2. This phrase occurs several times in the Gospels, cf. Matt. 16:25 among others.
3. For Van Rappard’s work on the large decoration The muse of history (1882), cf. letter 284, n. 6.
b. Read: ‘kruit’ (ammunition).
4. Saying.
5. Possibly an allusion to Eccl. 3:1-8, ‘To everything there is a season’.
6. The words ‘which... were’ were added later. Where Van Gogh writes ‘&c’ at the end of the saying, the original was ‘they pissed a pee’ (WNT). Quoted earlier in letter 276.
7. This means that Van Gogh wrote a (lost) letter to Van Rappard asking for financial help; Vincent wrote to Theo that he would do so (see letter 340 and cf. letter 342).
8. Which Maris (Jacob, Matthijs or Willem) Van Gogh means here is impossible to say for sure.

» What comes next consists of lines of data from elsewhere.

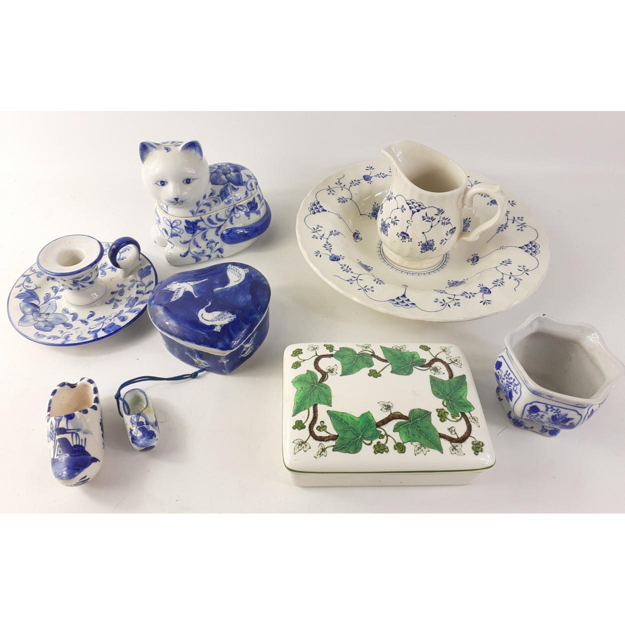 A mixed lot of blue and white ceramics to include a cute lidded cat trinket piece 12cm length x 12cm height approx and other items with also a NAPOLEON IVY patterned ceramic lidded box similar to what Napoleon used 14cm length x 3.5cm height x 10.5cm depth approx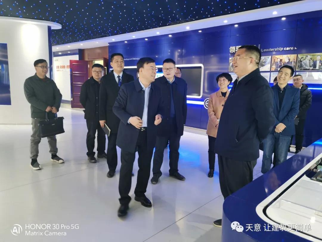 2021年2月23日, 市住建局黨組成員、副局長(zhǎng)趙羽,市住建局節(jié)能與科技科科長(zhǎng)孫新魯?shù)阮I(lǐng)導(dǎo)一行,在區(qū)住建局局長(zhǎng)鄒紅, 區(qū)住建局行業(yè)發(fā)展科科長(zhǎng)馬特等領(lǐng)導(dǎo)的陪同下,蒞臨天意座談并考察指導(dǎo)工作。天意機(jī)械董事長(zhǎng)劉洪彬,總經(jīng)理劉海龍,國(guó)內(nèi)銷售部經(jīng)理秦艷慧等領(lǐng)導(dǎo)參加了座談?wù){(diào)研,并陪同參觀了天意省級(jí)研發(fā)中心、科技體驗(yàn)館、BIM技術(shù)在裝配式建筑中的創(chuàng)新應(yīng)用情況等。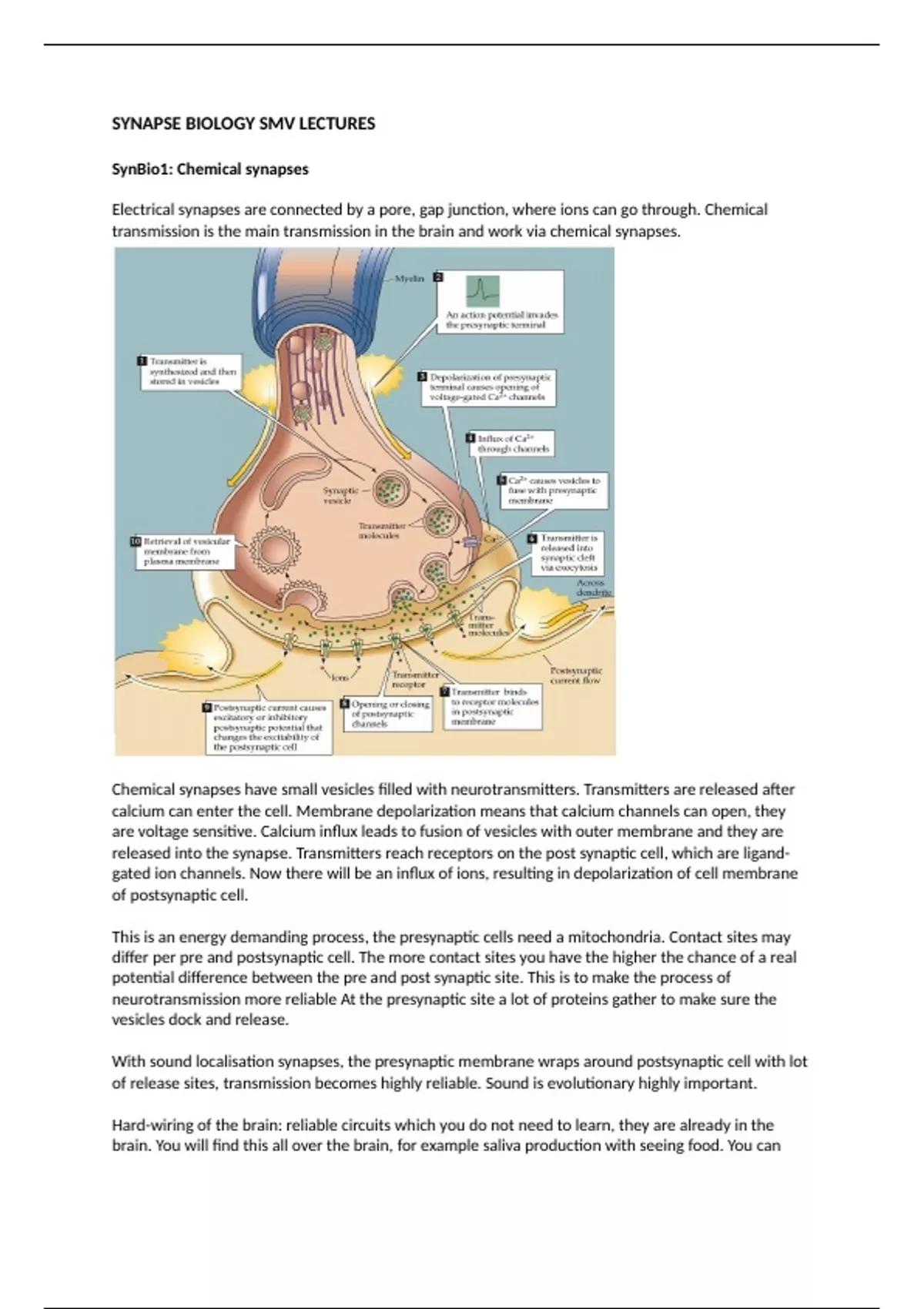 Summary lectures synapse biology part of From Molecule to Mind from master Neurosciences VU

9. Van Gogh spoke earlier of ‘Monday morning-like sobriety’; in that context it was probably an allusion to a passage in Shirley by Charlotte Brontë (see letter 274, n. 4).
10. Howard Pyle, The first visit of William Penn to America – A conference with the colonists, engraved by Eugène Froment, in The Graphic 27 (14 April 1883), pp. 392-393 published shortly before. Ill. 1225 [1225].
It is understandable that Van Gogh likens the scene, which is set in 1672 according to the inscription, to the work of the seventeenth-century painter Gerard ter Borch (the younger), who worked in a similar style. The name Ter Borch was also sometimes spelt Terburg, as in French publications.
Although Van Gogh also mentions Nicolaas Keijzer here, he probably does not mean the little known seventeenth-century Flemish painter Nicolaes de Keyser, but the Dutch painter Thomas de Keyser, who was also mentioned in letter 155. The latter is known for his portraiture, a genre in which Gerard ter Borch also worked. There were portraits by both in the Mauritshuis in The Hague.
[1225]
11. Edward R. King, The workman’s train, engraved by Eugène Froment, in The Illustrated London News 82 (14 April 1883), p. 373. There are two copies in the estate. Ill. 1012 [1012] (t*103 and t*581).
[1012]
12. Van Gogh very probably subscribed to the series published in 1883 by F.-G. Dumas (artistic director of Paris Illustré and publisher of illustrated Salon catalogues among other things). The Catalogue illustré officiel de la section des Beaux-Arts de L’Exposition Universelle d’Amsterdam 1883 carried an advertisement for it: ‘From 1st May 1883, Paris Illustré – Twelve numbers per year, illustrated with engravings in several colours ... One franc per number’ (A dater du 1er mai 1883 Paris Illustré – Douze numéros par an illustrés de gravures en plusieurs tons ... Un franc le numéro). The first number covered the Salon of 1883. The following issues dealt with such subjects as ‘Villégiature et bains de mer’ (Holidays and bathing) and ‘Cercles et aquarellistes’ (Circles and watercolourists). Dumas’s normal illustrated Salon catalogue of 1883 cost 3.50 francs. Cf. also letter 342, n. 10.